Отец Тимофей опустил голову.

— Тогда я забираю свою просьбу обратно. А ты, матушка, приготовь им на утро пять хлебов и две рыбы.

— Нет у нас столько хлеба, — оскорбленно ответила матушка Евфросиния. — Две сельди есть, а буханка одна зосталась.

— Тогда к хлебине испеки им четыре лепешки в дорогу.

— Спасибо, отче, — приложил я к груди ладонь. — Но у нас еще есть свои запасы съестных припасов.

— О, пряженного молока ребенку дашь. А пять хлебов и две рыбы будут вам как находка. Вот увидьте. Теперь же ташуйтесь спать.

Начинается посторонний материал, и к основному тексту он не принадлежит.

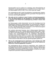 2 Zwischenzeitlich hat der Landkreis als zuständige untere Wasserbehörde die erforderliche Ausnahmegenehmigung am 19.05.2014 für den in Rede stehen- den Bebauungsplan nach § 78 Abs. 2 und 3 WHG erteilt (vgl. Anlage). Die Landesregierung sieht, soweit die gesetzlichen Voraussetzungen eingehal- ten werden, aufgrund der verfassungsrechtlich garantierten Planungshoheit der Kommune, keine Eingriffsmöglichkeit. 2. Wie sollte sich der Landkreis in seiner Funktion als Genehmigungsbehör- de für den Bebauungsplan für das Baugebiet an der Großen Gartenstraße in Gommern nach Ansicht der Landesregierung verhalten? Antwort bitte begründen. Der Bebauungsplan „Große Gartenstraße“ wird auf der Grundlage des § 13a Baugesetzbuch (BauGB) als „Bebauungsplan der Innenentwicklung“ aufgestellt. Damit entfällt eine Genehmigung durch den Landkreis, da diese nur in den in § 10 Abs. 2 BauGB genannten Fällen erforderlich ist. Der Flächennutzungsplan ist auf dem Wege der Berichtigung anzupassen. Der Landkreis sollte darauf hinweisen, dass im Bebauungsplan Überschwem- mungsgebiete nach § 9 Abs. 5 BauGB gekennzeichnet werden sollen. Zusätz- lich sollte auf dem Bebauungsplan ein Hinweis angebracht werden, dass Bau- vorhaben einer Ausnahmegenehmigung der zuständigen Wasserbehörde (Landkreis) nach § 78 Abs. 3 WHG i. V. m. § 101 Abs. 2 des Wassergesetzes des Landes Sachsen-Anhalt (WG LSA) bedürfen. Diese Genehmigung ist auch dann erforderlich, wenn die Bauvorhaben nach § 61 Abs. 2 der Bauordnung des Landes Sachsen-Anhalt (BauO LSA) (bau-)genehmigungsfrei gestellt sind. 3. Hält es die Landesregierung für angemessen, wenn Vertreter des LHW gegenüber dem Stadtrat von Gommern noch einmal auf die Probleme der Bebauung in Überflutungsgebieten hinweisen? Die Landesregierung hält es durchaus für angemessen, wenn Vertreter des LHW gegenüber dem Stadtrat von Gommern auf die Probleme der Bebauung in festgesetzten Überschwemmungsgebieten hinweisen. Allerdings trifft die Stadt die endgültige Entscheidung über den Bebauungsplan im Rahmen ihrer verfas- sungsrechtlich garantierten Selbstverwaltungshoheit.

Я вышел на улицу и за причелком выкурил сигарету, пряча огонек в рукав. Городок давно покоился, везде было тихо.

Я подумал, что в этом доме мне можно чуточку поспать. Однако, ложась в постель, все-таки положил под подушку наган, лишь бы на рассвете где-нибудь спрятать его дальше от этого двора. Волей-неволей, а подольский землемер Петр Горовой должен был идти к границе без оружия.

На рассвете мы двинулись. Я был уже в черном суконном пальто поверх гражданского пиджака и в серых штанах, заправленных в те же военкомовские сапоги, которые теперь каждый небедный человек мог купить или выменять на ярмарке.

Шли мы так, как нараял нам отец Тимофей, простывали, можно сказать, не оглядываясь. Ярка я нес на груди в перевязанном через шею грубом платке, а за спиной у меня еще был наплечник, и Тина также несла чашу со своими вещами и едой, к которой еще добавилось пять хлебов и две рыбы, в смысле один буханка, четыре лепешки и две сельди. А также слоик пряженного молока.

Так мы спокойно дошли до Балакирей, никто нас не считался, разве как стренется кто, то поздороваемся вежливо и идем себе дальше. А тогда, правда, с одного двора, где купчилось немало красных, все-таки выбежал расхристанный кацапьюга и прямо ко мне: «Что нессешь, пакажи!» — «Ребенка нэсу к доктору». — «А нее парасьонка?» — хохотнул он и все-таки заглянул, что там в платке, от чего правая рука моя засвербела — соскучилась, бедная, за саблей. «А это кто, ева мамочка?» — кацапьюга выпучил на Тину такие голодные глаза, что я приготовился к худшему. «Ведетье себя прилично, таварищ, — вдруг набросилась на него Тина. — Я уже нё впёрвивает вежу вас пьяным! Застегнитесь и не позорьте Красную армию!»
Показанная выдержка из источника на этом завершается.